Подкараулив Алину возле гримерки, Крюгерша попыталась закогтить ее и уволочь к журналистам, которые утолили духовную жажду и теперь изнывали от жажды коммуникабельной.
— Страдать фигней в мои планы не входит, — Алина осторожно отцепила окольцованную клешню Крюгерши.
— По-твоему, интервью — фигня? — трясла пергидрольными локонами та.
— Именно.
— Ты будешь делать то, что делают все нормальные люди, — не терпящим возражений тоном скрежетала Крюгерша. — Отвечать на вопросы, фотографироваться и так далее.

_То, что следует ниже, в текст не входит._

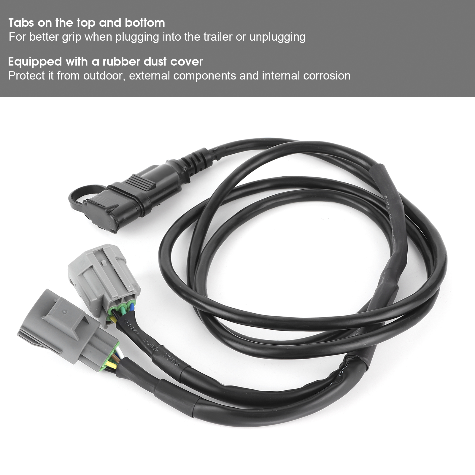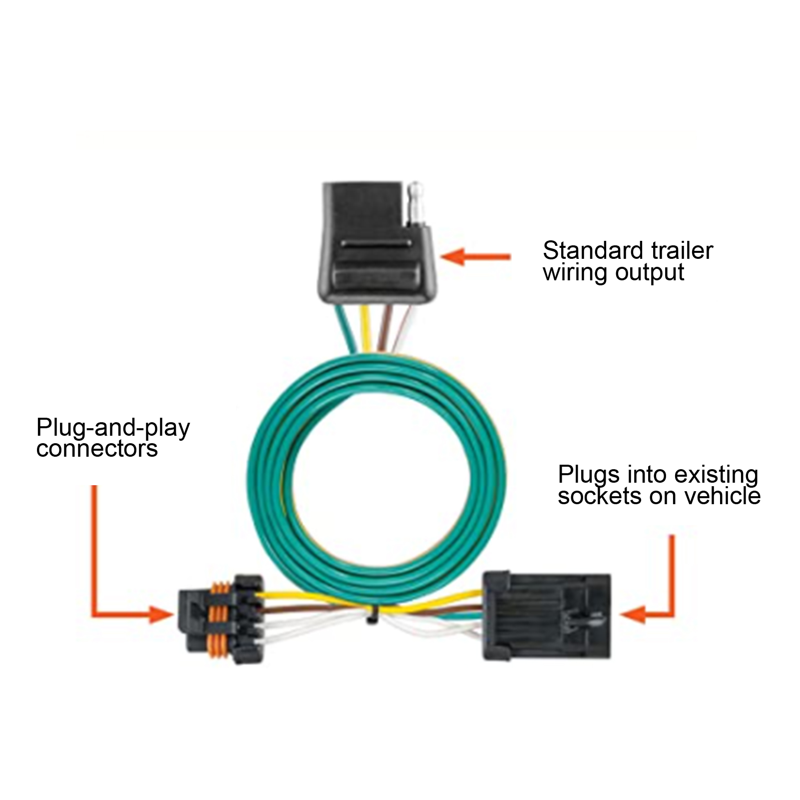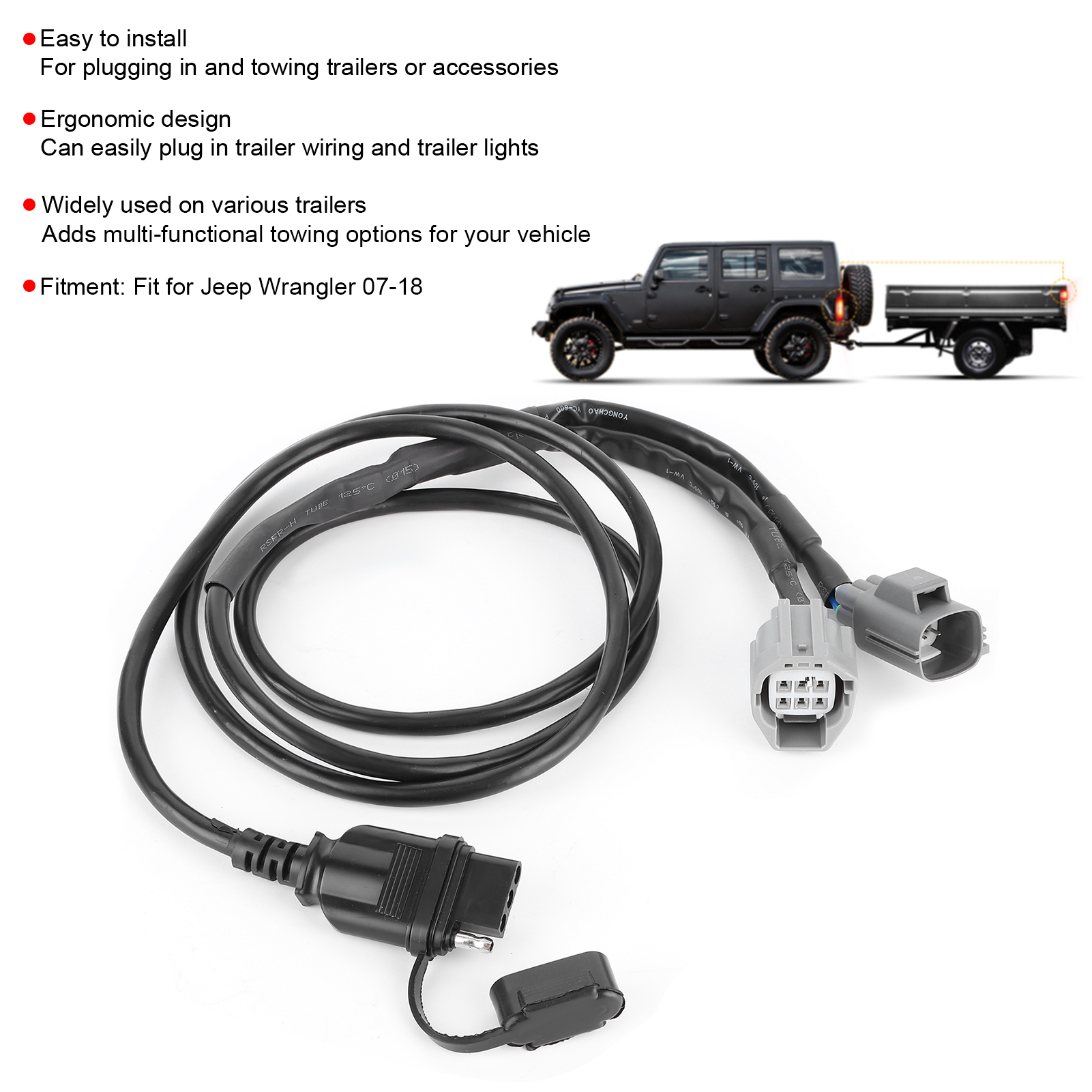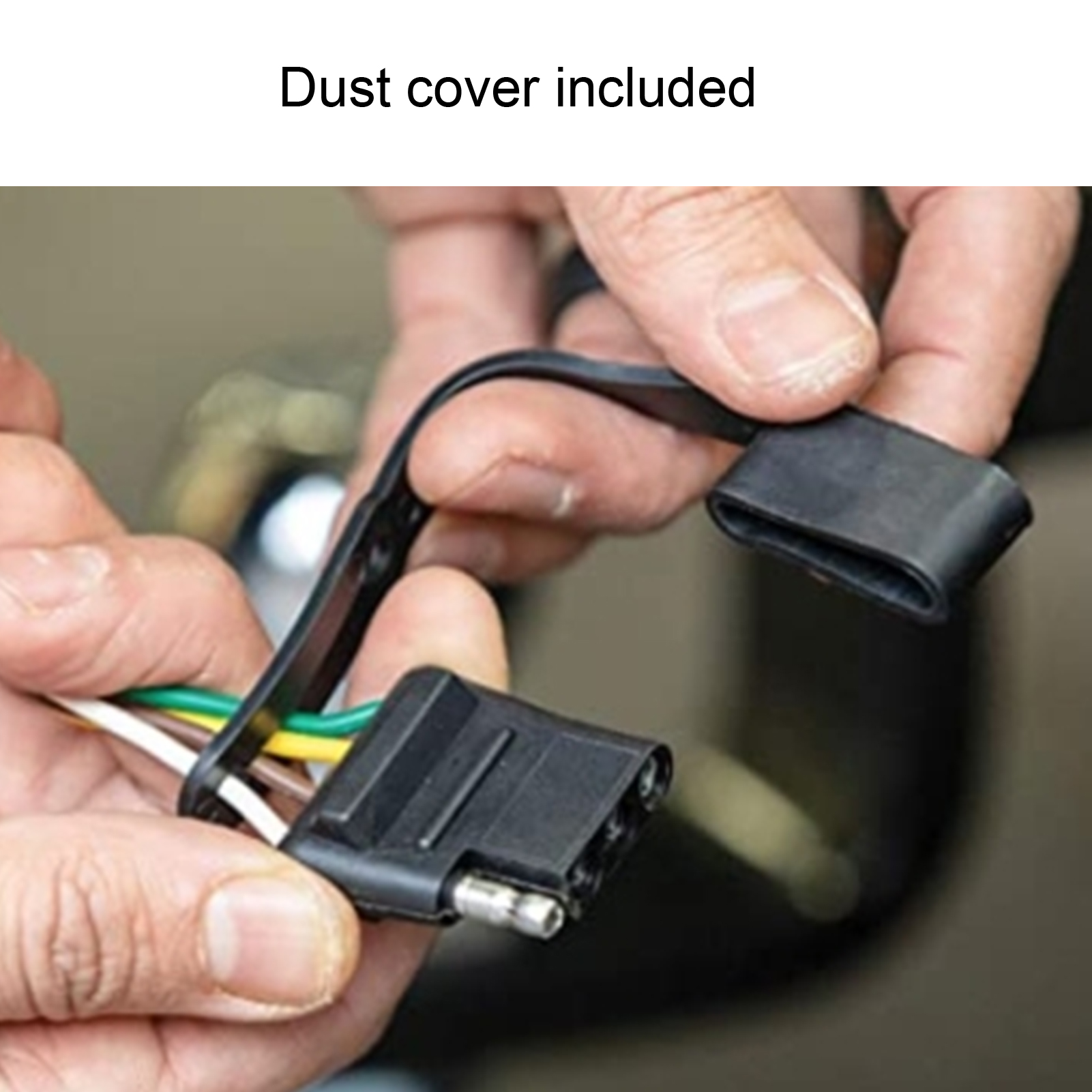 1、Equipped with a standard rear 4‑pin trailer wiring connector, easy to install, for plugging in and towing trailers or accessories. 2、Designed for Jeep Wrangler, which can make sure the easiest installation and the most reliable wiring connection. 3、Easy to grip, ergonomic design, can easily plug in trailer wiring and trailer lights. 4、Tabs on the top and bottom for better grip when plugging into the trailer or unplugging. 5、It can be used to connect trailer tail lights, brake lights and turn signal lights, widely used on various trailers and adds multi‑functional towing options for your vehicle. 6、Equipped with a rubber dust cover to protect it from outdoor, external components and internal corrosion.

— Перспектива лицезреть собственную рожу на каждом столбе не приводит меня в состояние экзальтированного восторга.
— Милая Алина…
— «Милая» из ваших уст звучит как оскорбление.
— Ты мне достаточно трепала нервы, дрянь!
— Вот видите, — похвалила Алина, — вы можете не лицемерить, когда захотите. Как было б здорово, если б вы не лезли в мою личную жизнь и не пытались меня социализировать. Режиссер бы режиссировал, осветитель освещал, уборщица убирала, все занимались бы своими непосредственными обязанностями. Мир стал бы лучше.
— Я пожалуюсь режиссеру!
— Жалуйтесь. Нужно же вам чем-то заниматься. Куда-то деть кипучую энергию.
— Я не хочу слышать никаких возражений!
— А я не хочу коммуницировать с общественностью. Думаю, общественность это как-нибудь переживет. Смиритесь с этим наконец и оставьте меня в покое.
— Я найду на тебя управу!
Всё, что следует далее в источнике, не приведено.